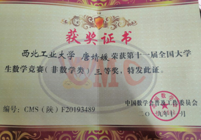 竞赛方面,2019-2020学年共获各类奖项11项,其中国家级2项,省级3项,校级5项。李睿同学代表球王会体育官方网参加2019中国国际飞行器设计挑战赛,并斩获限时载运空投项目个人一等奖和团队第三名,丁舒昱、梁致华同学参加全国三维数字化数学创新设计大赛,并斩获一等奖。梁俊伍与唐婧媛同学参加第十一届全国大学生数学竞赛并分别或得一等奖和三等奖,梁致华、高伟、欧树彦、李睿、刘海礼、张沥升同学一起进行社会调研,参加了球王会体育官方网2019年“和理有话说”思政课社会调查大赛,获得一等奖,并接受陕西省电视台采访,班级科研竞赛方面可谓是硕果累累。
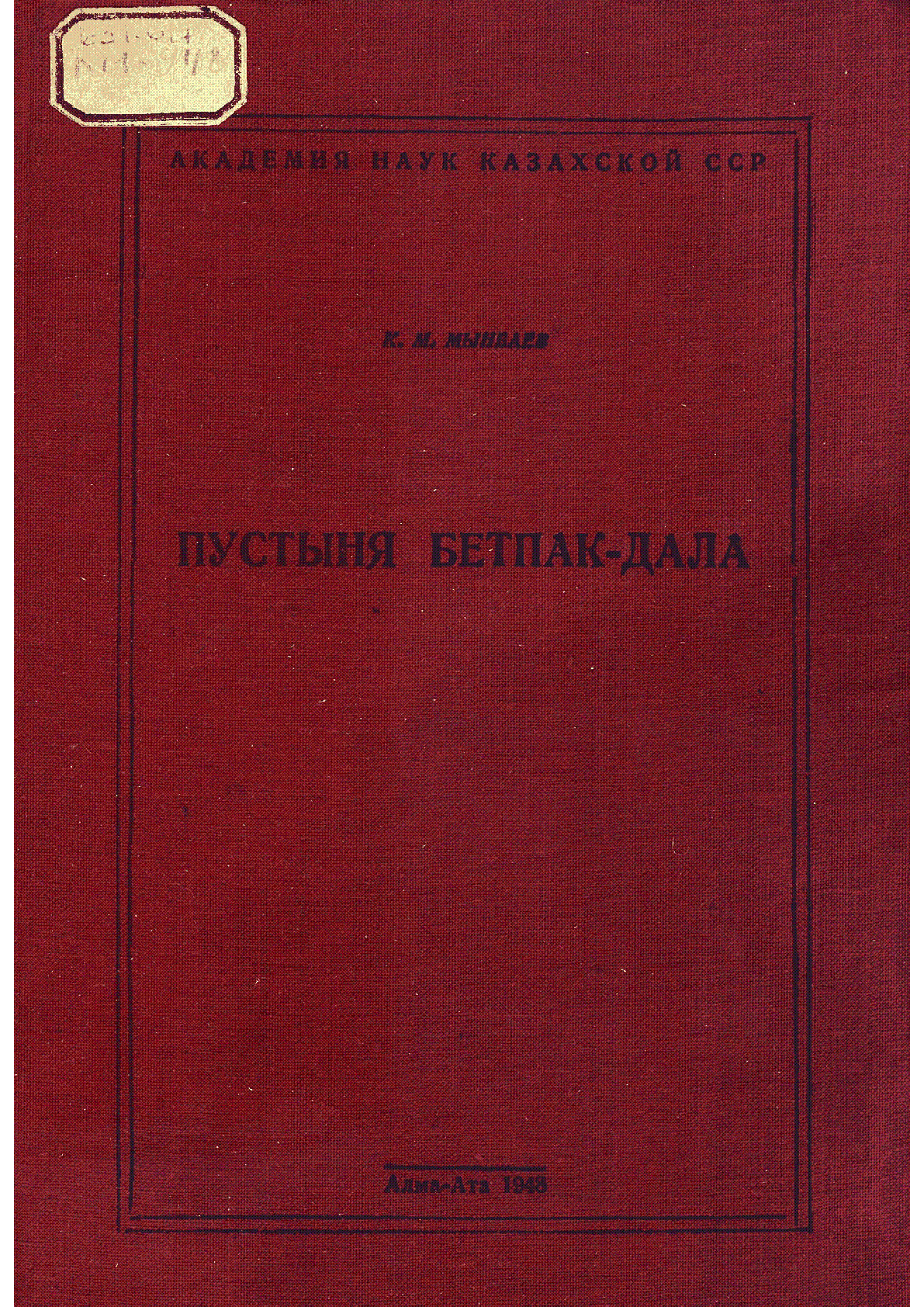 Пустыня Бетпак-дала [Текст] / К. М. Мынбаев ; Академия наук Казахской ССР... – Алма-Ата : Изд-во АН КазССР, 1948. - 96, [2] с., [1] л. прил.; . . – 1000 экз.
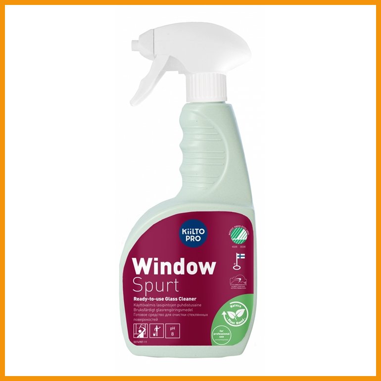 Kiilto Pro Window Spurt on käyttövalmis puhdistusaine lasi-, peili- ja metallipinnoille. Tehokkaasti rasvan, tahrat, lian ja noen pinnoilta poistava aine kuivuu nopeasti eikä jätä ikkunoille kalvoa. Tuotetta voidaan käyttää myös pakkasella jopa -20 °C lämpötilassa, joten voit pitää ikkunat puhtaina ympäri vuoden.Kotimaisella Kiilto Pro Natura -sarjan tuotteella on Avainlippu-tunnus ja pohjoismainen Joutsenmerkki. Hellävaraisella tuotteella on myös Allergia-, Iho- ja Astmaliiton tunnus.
━━━━━━━━━━━━━━━━
◆ PROBLEM DETAILS ◆
Only the lines from the top of the data through the line with "Пустыня Бетпак-дала [Текст]" should be quoted, exactly and with both ends kept; skip the pictures.

◆ PROBLEM SOLUTION ◆
 竞赛方面,2019-2020学年共获各类奖项11项,其中国家级2项,省级3项,校级5项。李睿同学代表球王会体育官方网参加2019中国国际飞行器设计挑战赛,并斩获限时载运空投项目个人一等奖和团队第三名,丁舒昱、梁致华同学参加全国三维数字化数学创新设计大赛,并斩获一等奖。梁俊伍与唐婧媛同学参加第十一届全国大学生数学竞赛并分别或得一等奖和三等奖,梁致华、高伟、欧树彦、李睿、刘海礼、张沥升同学一起进行社会调研,参加了球王会体育官方网2019年“和理有话说”思政课社会调查大赛,获得一等奖,并接受陕西省电视台采访,班级科研竞赛方面可谓是硕果累累。
 Пустыня Бетпак-дала [Текст] / К. М. Мынбаев ; Академия наук Казахской ССР... – Алма-Ата : Изд-во АН КазССР, 1948. - 96, [2] с., [1] л. прил.; . . – 1000 экз.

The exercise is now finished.